The transition process began immediately, and both Neufeld and Cacciavillani will be officially leaving their positions “at the appropriate time.”
At such a critical time in the company’s history, what are investors to make of this? Is trouble brewing at this young cannabis company?
Timing is suspect amid fraud allegations
When asked by analysts why they were both stepping down, Neufeld specifically mentioned a report released in December alleging Aphria was a “shell game.” On its latest quarterly conference call, he said that it “was just time for us to move aside,” adding that the moves have “nothing to do with the short-sellers’ report, the review, [or] the valuation of assets.”
In a short-seller report issued on December 4, Quintessential Capital, which holds a sizable short position, relayed its belief that Aphria’s stock will go to $0.
“First of all the company seems to be setting up, if our thesis is correct, for a giant asset write off,” the firm’s founder said. “We believe they’re going to have a hard time raising new cash, and of course long-term the survival of the company depends on cash’s oxygen.”
At the core of its claim lies the belief that Aphria overpaid for acquisitions in Latin America to enrich company insiders, some of which had financial interests in the acquired companies.
Aphria’s management team released a statement saying the report was a “malicious and self-serving attempt to profit by manipulating Aphria’s stock price at the expense of Aphria’s shareholders.” This is the classic canned response to reports like this.
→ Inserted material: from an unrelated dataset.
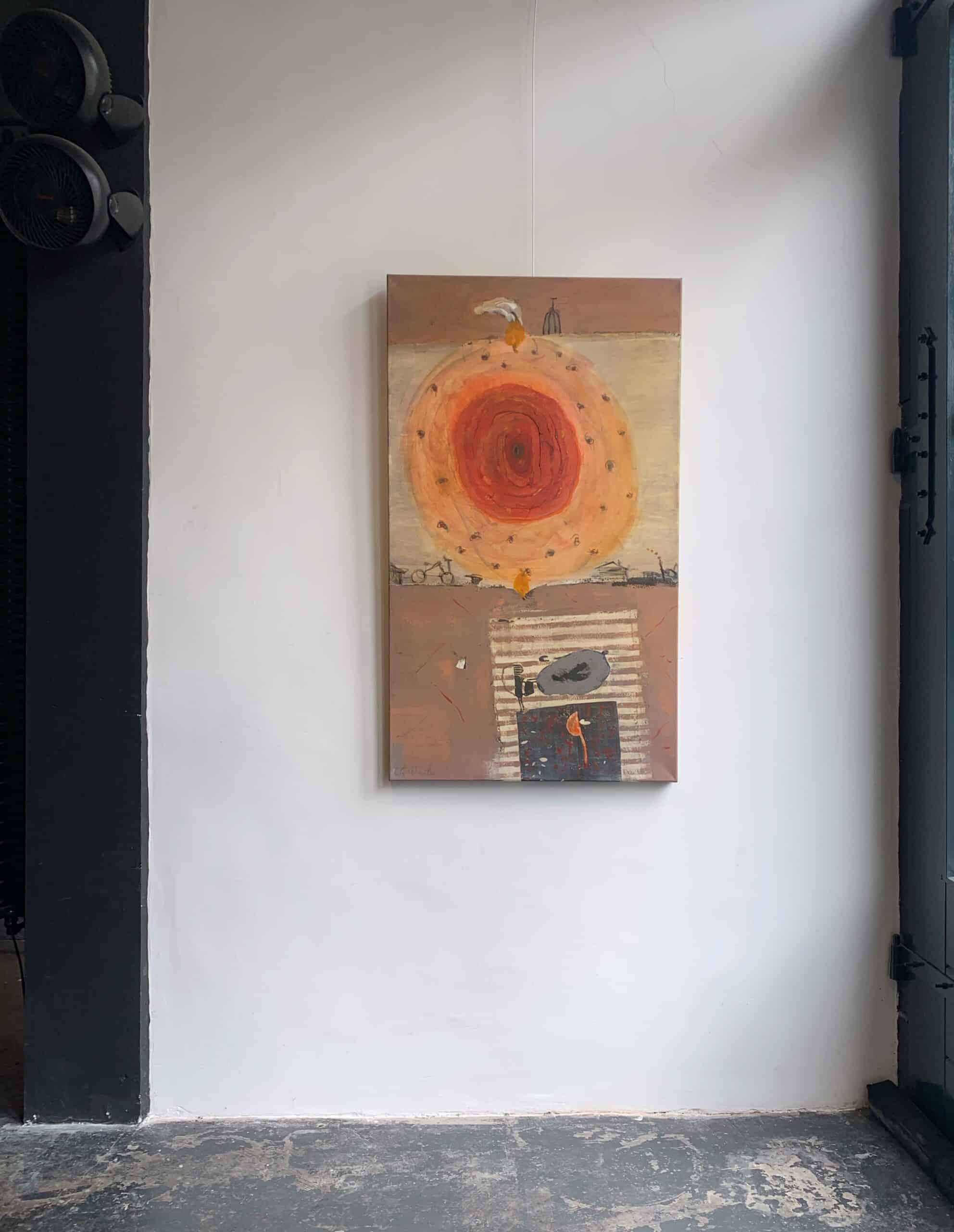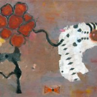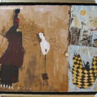 Liesbeth Rahder studied at the Gerrit Rietveld Academy in Amsterdam. Rahder paints intuitively, starting with structured color fields across the entire surface, and then adds small icons that can be highly detailed. She also often makes small inscriptions, scratched into the wet paint with a palette knife or the back of a brush. The figurative elements she applies are her signature, and the coherence or conflicts in her work draw the viewer into the painting. This forces the viewer to create their own story.

Instead of responding line-by-line to the report, companies often write off the charges as purely motivated by profit. While this is likely true—it is, after all, the goal of an asset manager—it doesn’t automatically negate the report’s thesis.
Defending itself against the Latin American acquisitions, the company responded that it received “financial advice and fairness opinion from a reputable firm that the consideration it offered was fair to the company and its shareholders.” The company receiving a gold star from a firm that it’s paying isn’t all that surprising. Instead of justifying the acquisition in more detail, management seems to have shifted the blame to another organization.
Aphria’s value is significantly damaged
Even if the report is baseless, it will still have a large impact on Aphria’s valuation. Since the cannabis explosion began, investors have bid up the prices of pot companies in anticipation of being acquired.
The New York Times, for example, recently ran an article saying that “big companies are unlikely to make major moves in the American market until recreational use of THC products is legal at a federal level.” That means every independent producer can grow with significantly less competition, positioning themselves as prime acquisition candidates over the next 12 to 24 months.
But according to a recent Bloomberg report, the odds of Aphria being acquired “has likely decreased significantly in the short term following release of the short report.” The departures of Neufeld and Cacciavillani are the first steps in mending that situation.
I would argue that the odds of being acquired have diminished for much longer than the short term. With plenty of other beaten-down acquisition options with less baggage, like Tilray Inc or Green Organic Dutchman Holdings Ltd, there’s no reason for pot investors to take the extra risk with Aphria.